Auch der Ratsvorsitzende der Evangelischen Kirche in Deutschland, Heinrich Bedford-Strohm, weist gegenüber unserer Zeitung auf die Besonderheit der Situation hin. Er fordert die Menschen auf, sich nicht entmutigen zu lassen. Die gesamte Evangelische Kirche in Deutschland müsse neue Wege beschreiten, ihre Mitglieder über Ostern zu begleiten. Über die Internetseite „kirchevonzuhause.de“ gebe es viele Möglichkeiten, sich zu informieren. „Das reicht vom gestreamten Gottesdienst über Radio-und Fernsehgottesdienstformate bis hin zu Formaten für Gottesdienste am Küchentisch.“

Bedford-Strohm gibt unseren Lesern daher noch Tipps mit auf den Weg, was aus seiner Sicht in der nun beginnenden Karwoche angesichts extrem bedrückender Zeiten zu beherzigen sei. „Erstens: Tanken Sie Zuversicht aus den über Jahrtausende aufbewahrten Worten der Bibel, insbesondere an Gründonnerstag und Karfreitag. Zweitens: Zeigen Sie Nächstenliebe im Alltag und zeigen Sie anderen Menschen: Ich bin für Dich da. Und drittens: Bleiben Sie miteinander in Kontakt: Ich vermisse es, Menschen zu umarmen oder gesellige Zeit miteinander zu verbringen. Nun gilt es, Nähe zueinander auf anderen Wegen zu suchen. Greifen Sie zum Telefonhörer, schreiben Sie einen Brief, nutzen Sie die digitalen Medien oder machen Sie mit beim abendlichen Balkonsingen.“

Das ist die Karwoche:

Die Karwoche ist die Woche vor Ostern, Sie ist die Kernzeit der österlichen Fasten- und Passionszeit und für Christen die wichtigste Woche des Kirchenjahres. Im englischsprachigen Raum wird sie auch als „holy week“ bezeichnet, die heilige Woche.

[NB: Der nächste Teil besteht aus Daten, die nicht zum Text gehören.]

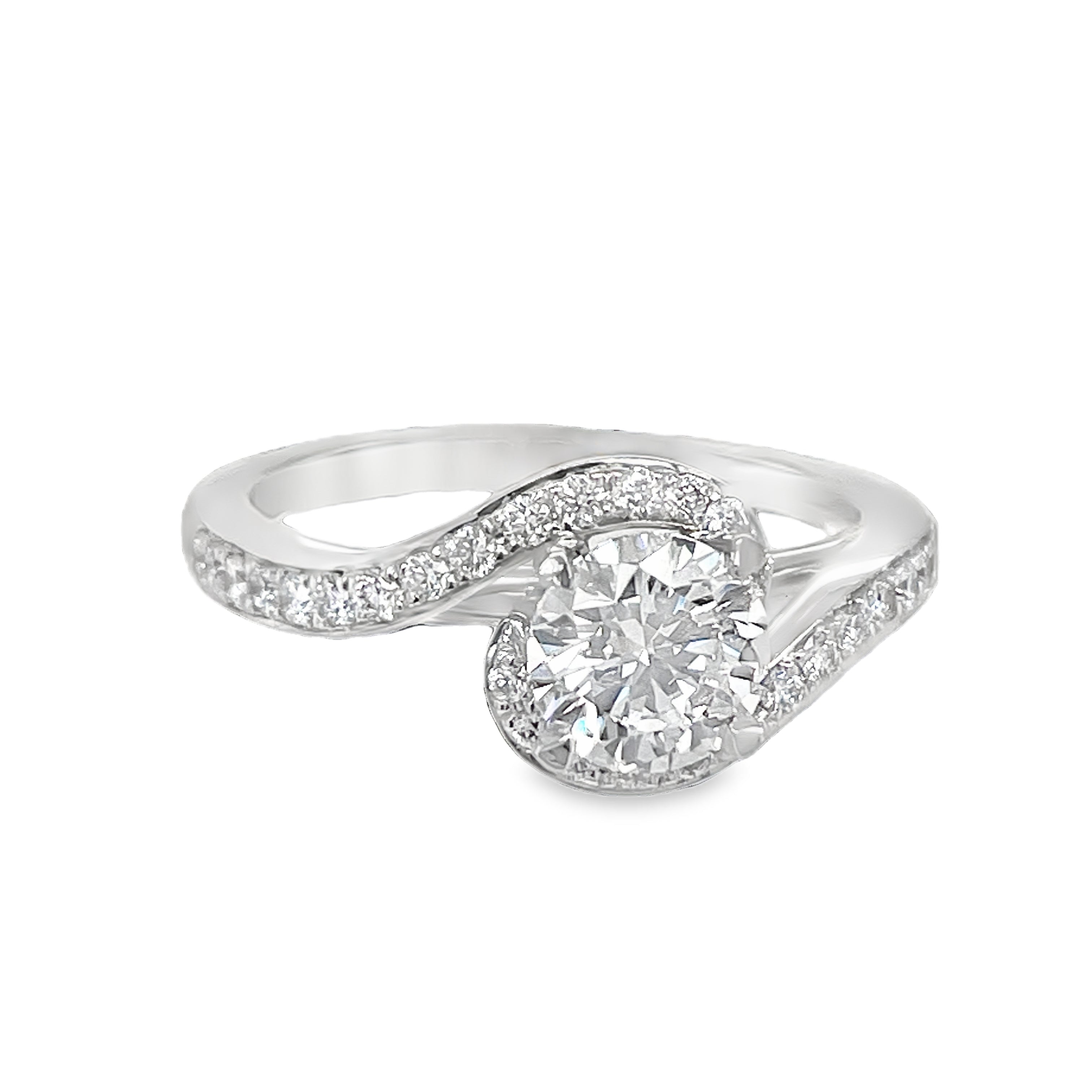 This stunning diamond engagement ring features a lab grown brilliant round-cut center stone, elegantly surrounded by a wave of natural shimmering smaller diamonds. Crafted in high-quality white gold, it radiates sophistication and timeless beauty, making it the perfect symbol of love and commitment.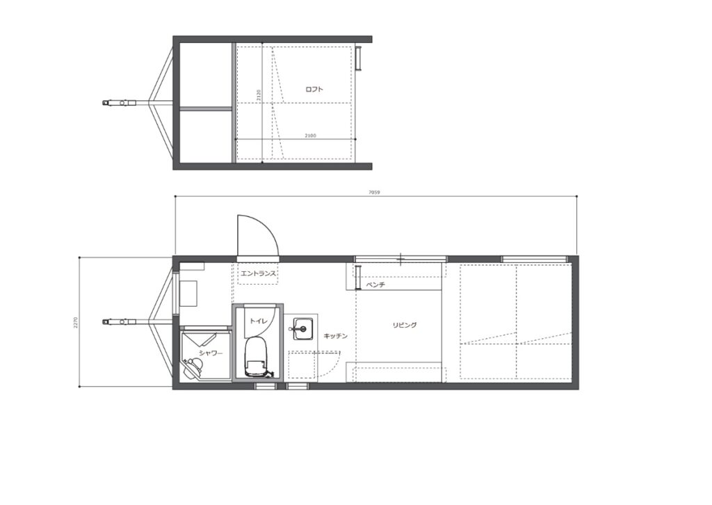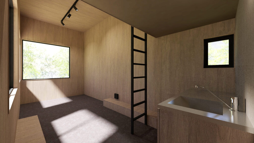 水回りの上部にはロフトを配置し、限られた面積を効率的に活用。キッチン、トイレ、ユニットシャワー、洗面台がコンパクトながら実用的にレイアウトされており、複数人でも快適にお過ごしいただけます。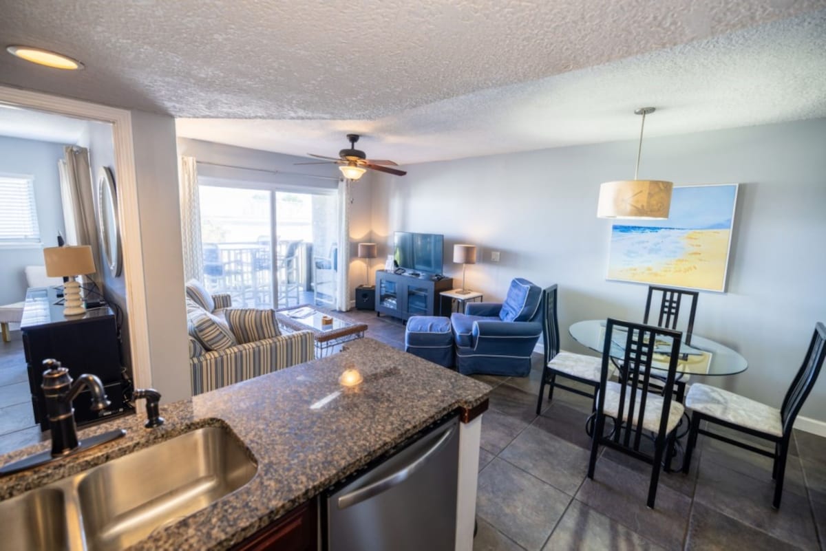 Oceanfront - 2 bed, 1.5 bath, living/dining room, kitchen, one patio and one balcony MW, DW, 3 Satellite TVs, WiFi. ONSITE POOL. NO PETS, NO SMOKING. ONE (1) SET OF BED LINENS AND TOWELS PROVIDED. BEDS: 1 King, 1 Queen Accommodates 4.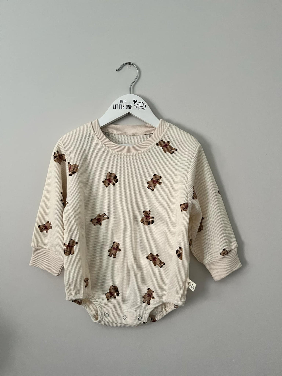 Snuggle up in softness with this adorable cream waffle romper, featuring a charming teddy print...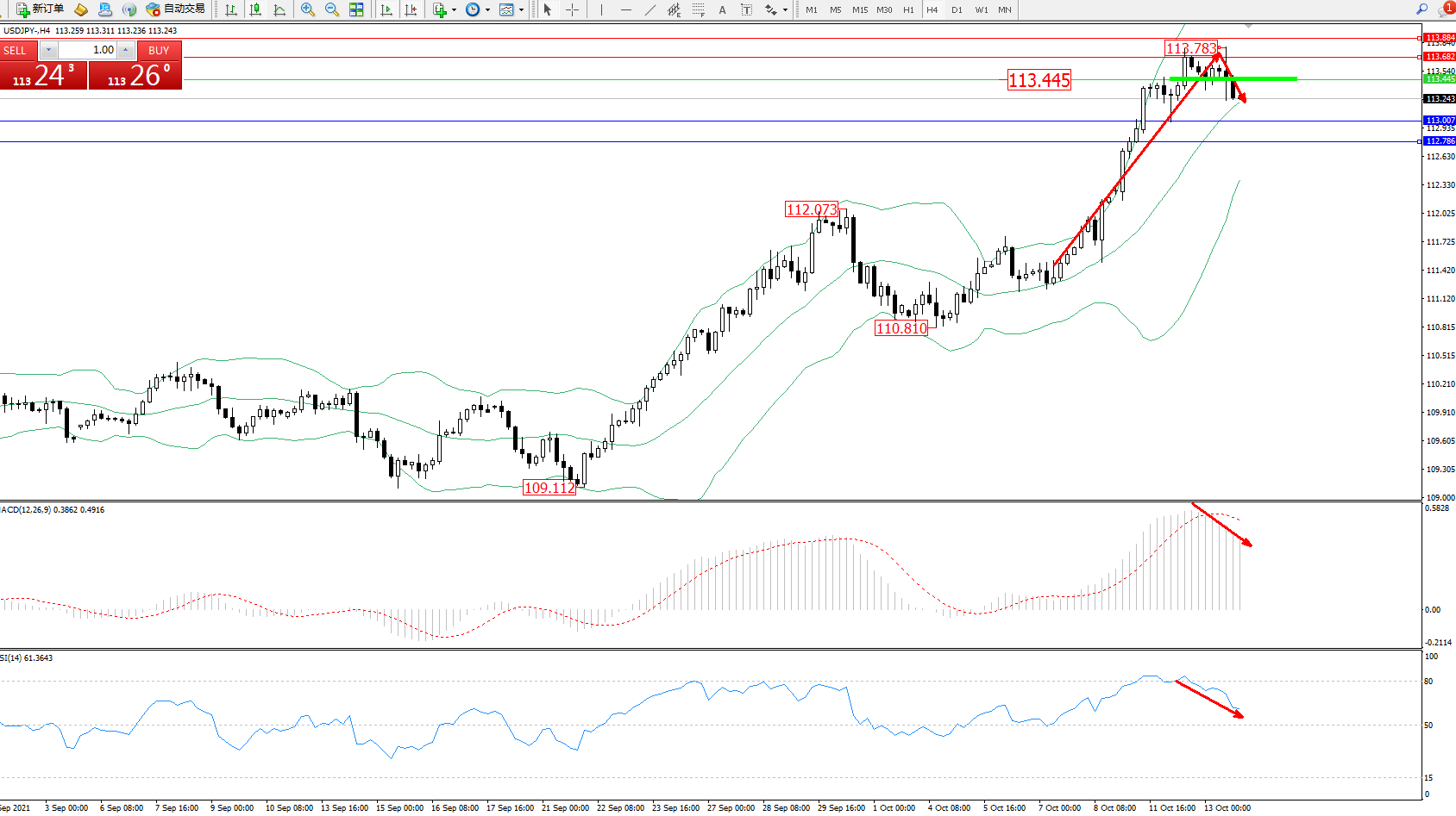 交易策略:113.445下方看跌,目标113.007、112.786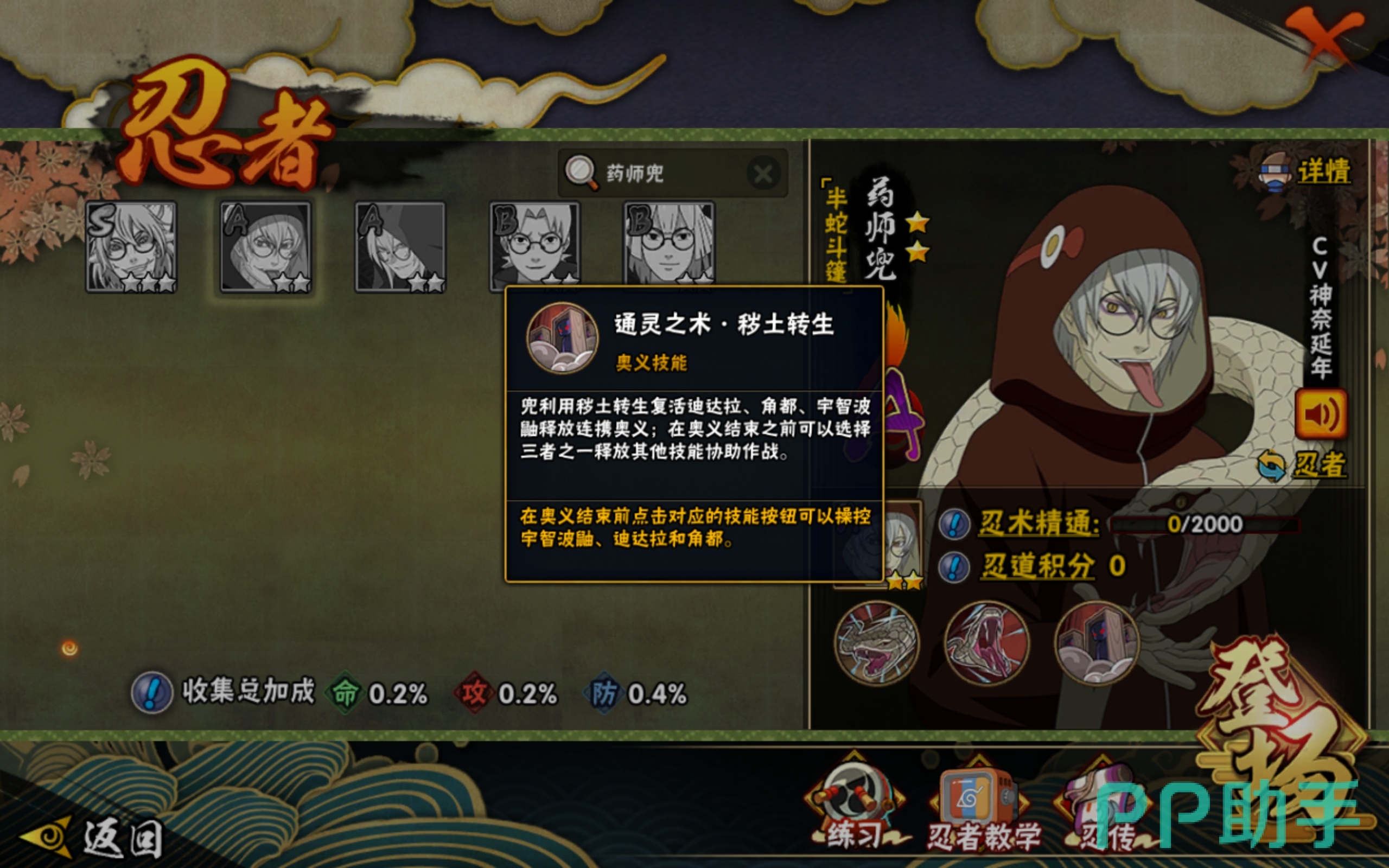 通灵之术・秽土转生这个奥义大招可以利用秽土转生复活角都、迪达拉、宇智波鼬,然后释放连携奥义。在奥义结束之后可以选择三者之一,接着就能用对应角色的技能去协助作战。选择宇智波鼬会释放豪火球术;选择角都则是补足缺少的伤害;选择迪达拉会释放绒毯轰炸和起爆黏土・枭,可在空大时保护自己。至于要选择哪一个角色去辅助对抗,就要看当时的战况以及对手的实力了。

Kar stammt vom althochdeutschem Wort „chara“ oder „kara“ und bedeutet Kummer, klagen oder trauern.

Am Palmsonntag wird an den Einzug Jesu in Jerusalem erinnert. Die Woche umfasst zudem die stillen Tage Montag bis Mittwoch. Es folgen am Gründonnerstag das Gedächtnis der Einsetzung der Eucharistie beim letzten Abendmahl sowie am Karfreitag die Feier vom Leiden und Sterben Jesu. Der Karsamstag gilt als Tag der Grabesruhe Jesu Christi. Die Karwoche mündet in die Feier der Osternacht.